ブッダのお弟子さん にっぽん哀楽遊行 タイ発――奈良や京都へ〈影〉ふたつ…笹倉明著
タイ・チェンマイの古寺にて67歳で出家した直木賞作家が、その1年後の2017年春と18年秋の2回、寺の副住職と連れ立って日本を旅した記録が収められている。
「失敗や間違いの多かった人生に、その終盤に、生半可ではない決意が私には必要だった」とあるように、著者は学生時代に音楽や演劇、ボウリングのプロを目指したり、小説家を志したりしたが、なかなかペンでは食べていけず苦労した。直木賞を受賞するも妻と子ども3人とは別居し、別の女性との間に息子が生まれる。その息子を溺愛してゴルフを習わせ豪州留学までさせるが、プロ資格を競うトーナメントで息子は「わざと失敗」して道をそれる。一念発起した著者は息子に自省を促すべく、シニアのプロに挑戦しようとゴルフに打ち込むが、息子が著者のクレジットカードを使って預金のほぼ全額を引き出してしまう事件が起きる。「無一文」となり、これが出家の決心につながった。

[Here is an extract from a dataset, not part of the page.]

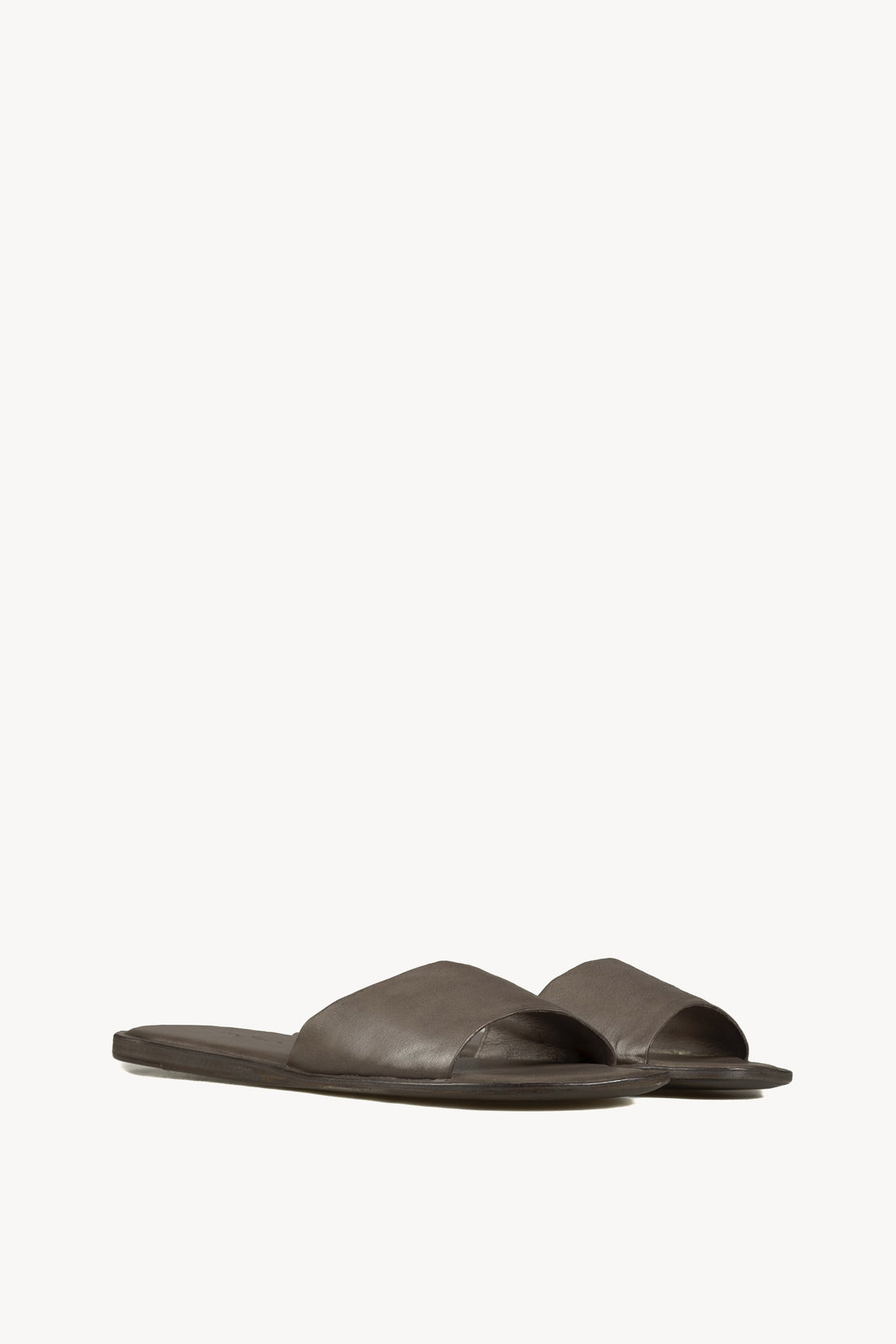 Heidi, sandalia plana con plantilla acolchada y la suela de cuero pintada al tono de la piel. Un modelo cómodo, versátil y muy atractiva por la tira asimétrica que cubre el pie y fabricada en Mallorca con pieles de curtición vegeta.

アーチャーラ・コーチャラ(僧の行儀作法と戒に沿った正しい行動)を守るテーラワーダ僧として生きる著者は、旅の最後に、出家前まで暮らしたバンコクに立ち寄って托鉢をする。数年ぶりに会う知り合いたちが目を潤ませ祝福する様子に感銘を受け、過去の不善を善で埋めて生きていく決意を新たにする。
定価1980円、佼成出版社(電話03・5385・2323)刊。